# Data shown
-.-.-
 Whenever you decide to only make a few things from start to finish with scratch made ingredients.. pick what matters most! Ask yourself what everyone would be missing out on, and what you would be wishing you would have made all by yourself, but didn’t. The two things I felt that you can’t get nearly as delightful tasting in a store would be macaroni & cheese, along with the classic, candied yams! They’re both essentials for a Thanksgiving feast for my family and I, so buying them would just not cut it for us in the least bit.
-.-.-
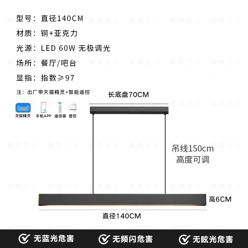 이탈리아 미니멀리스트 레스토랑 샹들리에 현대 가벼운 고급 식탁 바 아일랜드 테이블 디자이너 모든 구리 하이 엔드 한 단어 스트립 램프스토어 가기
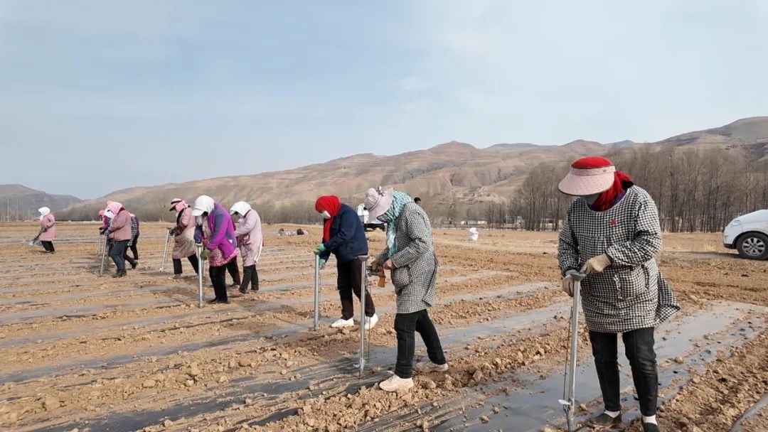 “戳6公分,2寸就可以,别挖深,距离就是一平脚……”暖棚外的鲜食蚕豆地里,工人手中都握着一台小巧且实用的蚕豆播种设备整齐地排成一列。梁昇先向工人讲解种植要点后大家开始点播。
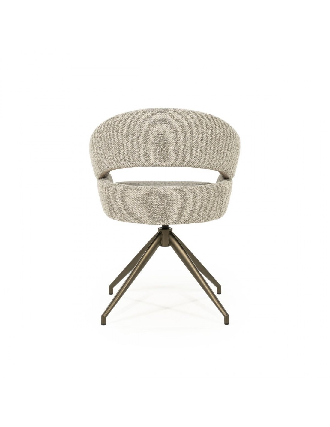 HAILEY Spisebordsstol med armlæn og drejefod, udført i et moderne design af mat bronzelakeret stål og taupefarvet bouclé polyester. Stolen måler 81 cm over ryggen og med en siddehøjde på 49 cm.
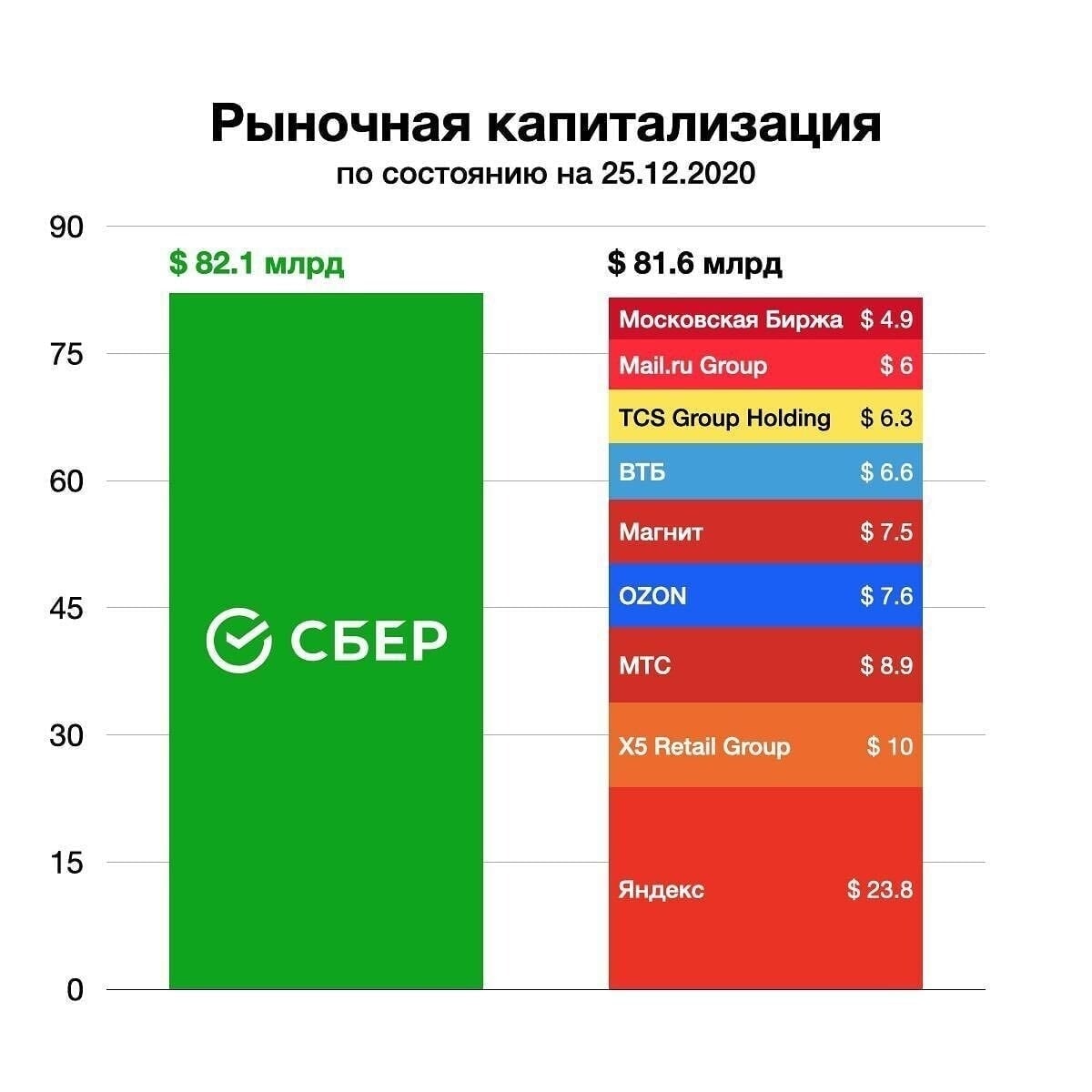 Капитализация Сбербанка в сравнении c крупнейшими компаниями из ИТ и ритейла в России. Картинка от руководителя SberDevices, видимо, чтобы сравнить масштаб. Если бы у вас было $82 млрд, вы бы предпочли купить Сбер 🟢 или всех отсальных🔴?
-.-.-
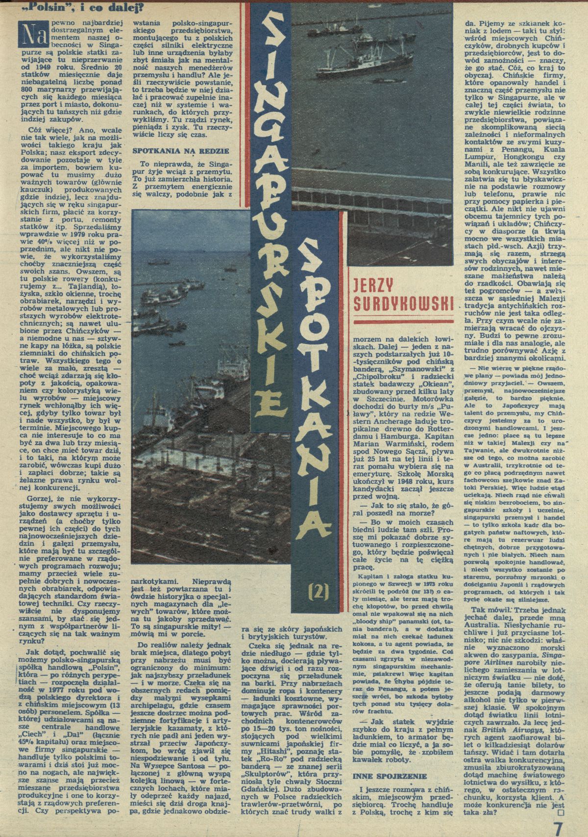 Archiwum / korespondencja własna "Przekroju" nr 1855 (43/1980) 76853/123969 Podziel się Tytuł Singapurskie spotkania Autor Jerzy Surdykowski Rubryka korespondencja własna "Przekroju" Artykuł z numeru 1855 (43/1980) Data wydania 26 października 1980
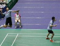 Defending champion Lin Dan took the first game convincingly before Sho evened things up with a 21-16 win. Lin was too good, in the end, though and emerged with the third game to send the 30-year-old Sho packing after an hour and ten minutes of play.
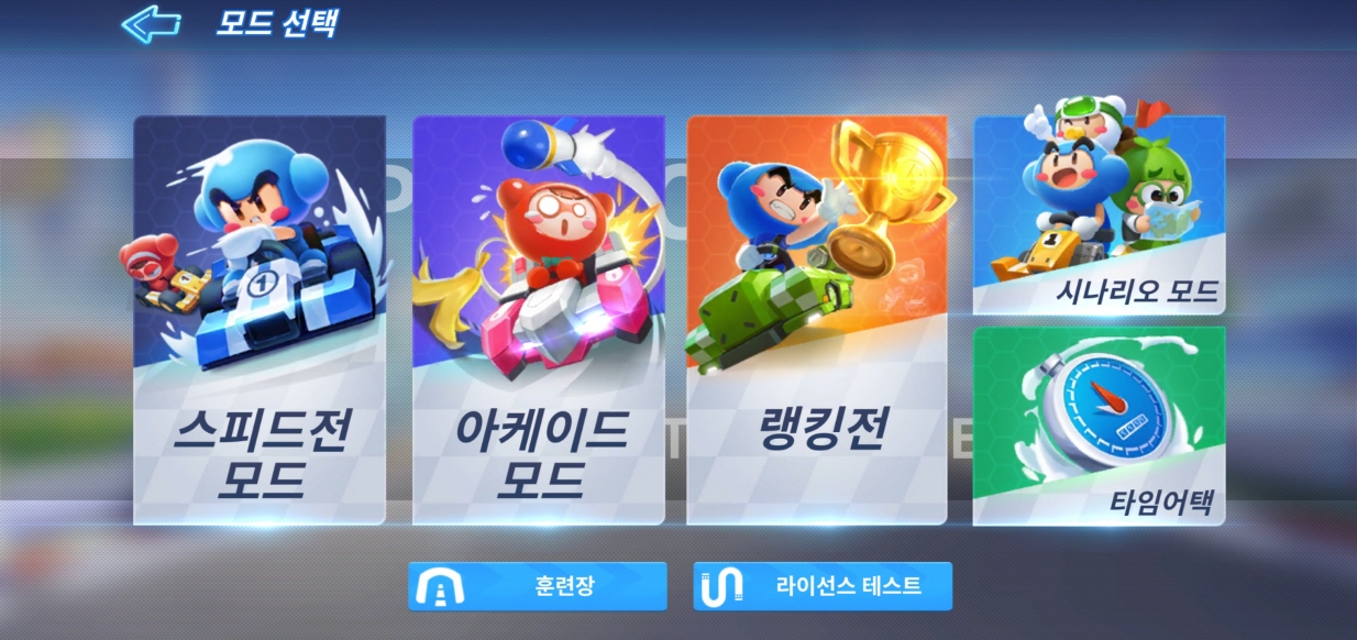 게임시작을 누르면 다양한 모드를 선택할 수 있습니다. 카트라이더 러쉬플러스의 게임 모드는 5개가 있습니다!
-.-.-
# Problem description
In the material above, the stretch from the line with "Archiwum / korespondencja" through the line with "게임시작을 누르면 다양한" is to be given again exactly, minus the pictures.

# Solution to this exercise
 Archiwum / korespondencja własna "Przekroju" nr 1855 (43/1980) 76853/123969 Podziel się Tytuł Singapurskie spotkania Autor Jerzy Surdykowski Rubryka korespondencja własna "Przekroju" Artykuł z numeru 1855 (43/1980) Data wydania 26 października 1980
 Defending champion Lin Dan took the first game convincingly before Sho evened things up with a 21-16 win. Lin was too good, in the end, though and emerged with the third game to send the 30-year-old Sho packing after an hour and ten minutes of play.
 게임시작을 누르면 다양한 모드를 선택할 수 있습니다. 카트라이더 러쉬플러스의 게임 모드는 5개가 있습니다!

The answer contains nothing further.